-- Opening Marker --

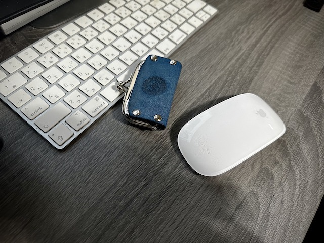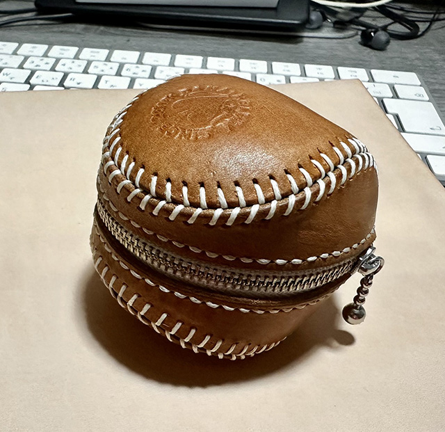 これは、2019年10月のライブのプレゼント用に制作してあった、ボール型の小物入れ。作った当初は、下に敷いてあるヌメ革と同じ色だったのが、作ってから月日が経ち、勝手にエイジングし、新品のくせにこのような味わい深い色に変わってしまったのだ。
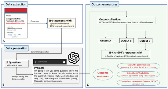 The study flowchart. (A) Data extraction protocol, (B) data generation using the ChatGPT protocol, and (C) outcome measures protocol.
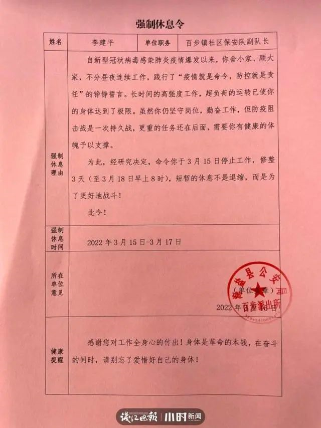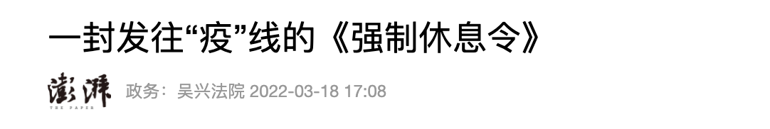 每位一线干部职工原则上一周至少休息一天;参与疫情防控通宵工作的一线干部职工,第二天必须合理安排休息——3月21日,浙江温州市新冠疫情防控领导小组办公室、市委组织部发布《关于在疫情防控期间关心关爱干部做好超负荷工作人员强制休息的通知》要求各地各单位在不影响正常防控工作的前提下,对“应休尽休”人员实行强制休息。

-- Closing Marker --

**TO DO:**
Repeat the lines from the line containing "The study flowchart." through the end of the material above exactly, with no pictures and nothing else.

**EXPECTED ANSWER:**
 The study flowchart. (A) Data extraction protocol, (B) data generation using the ChatGPT protocol, and (C) outcome measures protocol.
 每位一线干部职工原则上一周至少休息一天;参与疫情防控通宵工作的一线干部职工,第二天必须合理安排休息——3月21日,浙江温州市新冠疫情防控领导小组办公室、市委组织部发布《关于在疫情防控期间关心关爱干部做好超负荷工作人员强制休息的通知》要求各地各单位在不影响正常防控工作的前提下,对“应休尽休”人员实行强制休息。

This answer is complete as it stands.